Should you buy GFL stock?
Intriguing, indeed.
The facts of this potential investment case tell me that GFL seems like a company that is flying a bit under the radar of many of the funds out there and even, dare I say, much of the greater overall investment community?
I mean, heck, GFL Environmental has the luxury of operating within a largely recession safeguarded industry, its balance sheet is just where I wanted (and expected) it to be, its revenues have been growing at a notable rate in its most recently reported years, growing each and every year, not to mention that its total cash from operations have grown tremendously as well, and this company has been on a continued acquisition tear and given the success it has seen thus far, it is difficult for me to imagine this company slowing down anytime soon.
While its net profit margin is hardly the prettiest at the time of this publication, I largely believe that this is a primary cost of making a lot of long-term investments, especially being that this is a very intentionally green company, and being that green isn’t exactly as mainstream as it likely will be in the future.

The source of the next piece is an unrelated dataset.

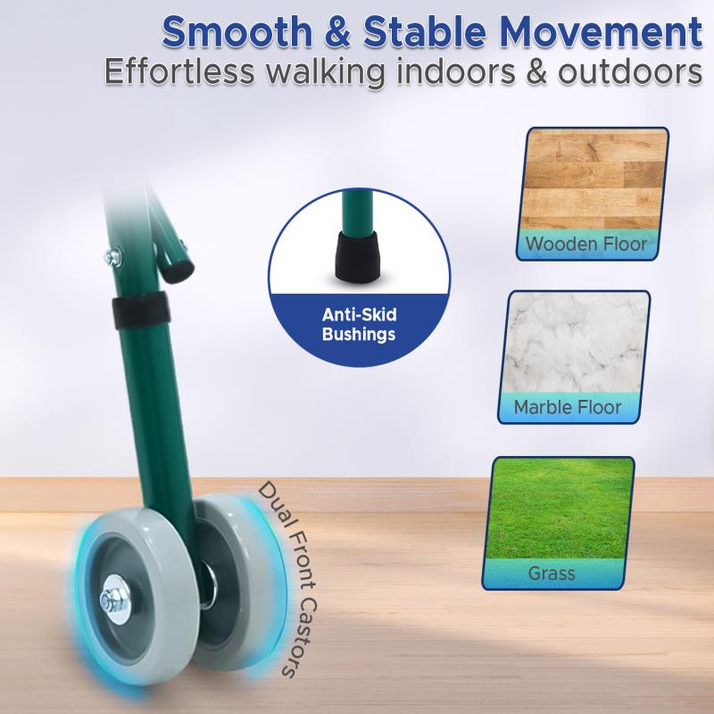 - Dual front wheels gives added safety and appropriate for indoor and outdoor use.

I think the odds are that someone who pondered an investment in the company sooner rather than later would have a higher likelihood of getting in on this relative ground floor rather than just merely inching into a stake into a (net) unprofitable sanitation company.
Tomato, tomato.
In other words, it is my educated guess that the profit picture is going to develop quite nicely over the years to come, although it might take a little time.
Thus, the “buy” rating.
DISCLAIMER: This analysis of the aforementioned stock security is in no way to be construed, understood, or seen as formal, professional, or any other form of investment advice. We are simply expressing our opinions regarding a publicly traded entity.